I mixed up James Remar with Michael Pare. I also mixed up Michael Wincott with an unnamed extra in this film. I feel bad, so many actors so little recognition ability. I mostly use IMDB to correct my loopy connection failures. There’s no mixing up Burt with anyone though. Nor Liza for that matter. Though Liza is trying to be Barbara (60s Kooky Barbara) in this one, there’s something missing in the absolutely not capricious feel of the subject matter. What I mean is, while Liz is being cute, having her kinky, nerdy John (she’s a hooker) get gunned down incidentally by a killer, just isn’t particularly cute. One would imagine seeing such a horror would tend to sober up even the most whimsical clown.
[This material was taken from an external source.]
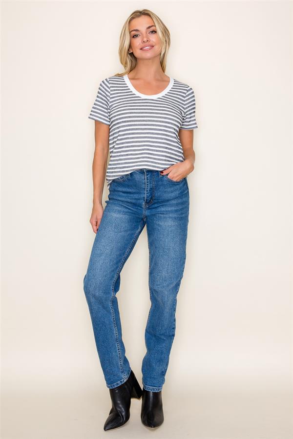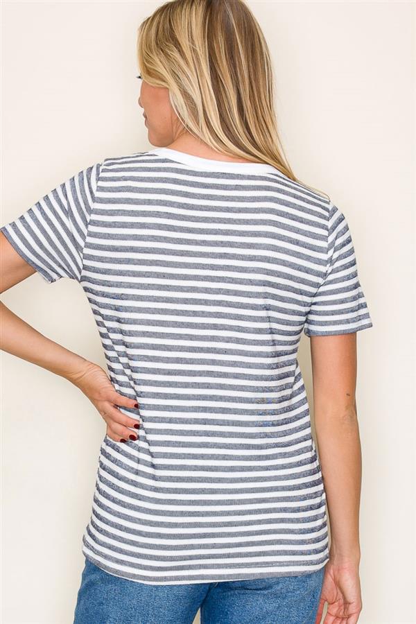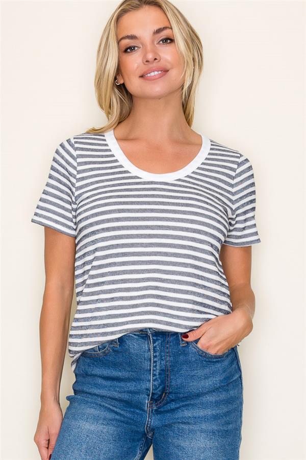 Round Neck Short Sleeve Navy Striped Top, Ivory | Staccato

Burt’s a former cop, but just because he’s been let go by the department doesn’t mean he’s not in the middle of the criminal enterprise. He also can’t seem to keep his jobs straight, as a department store Santa he pulls a gun on a thief, costing him that job as well. James Remar, always good in whatever he does, is a crappy dancer who puts on a tinted biker helmet and shoots and grenades everything in sight. He also stabs ladies on the street. Not a nice fellow, and he gets the scary character right. His best line, however, is his incredulous “Shut up.” when Liza tries to bond with him as a dancer, he clearly doesn’t believe she was in some production or other.
well you know, push comes to shove, bang bang bang, boom boom boom . . . Sigh. You really can overdose on these formulaic action films. There really are no memorable sequences and just having Burt in a bathtub getting his neck momentarily massaged for about 30 seconds by Liza does not make it sexy. It was sexier when she was being Little Red Riding Hood for her John, poor guy.
This runs free on prime in the good ole, USA but you won’t remember it 10 mins after viewing. Seriously.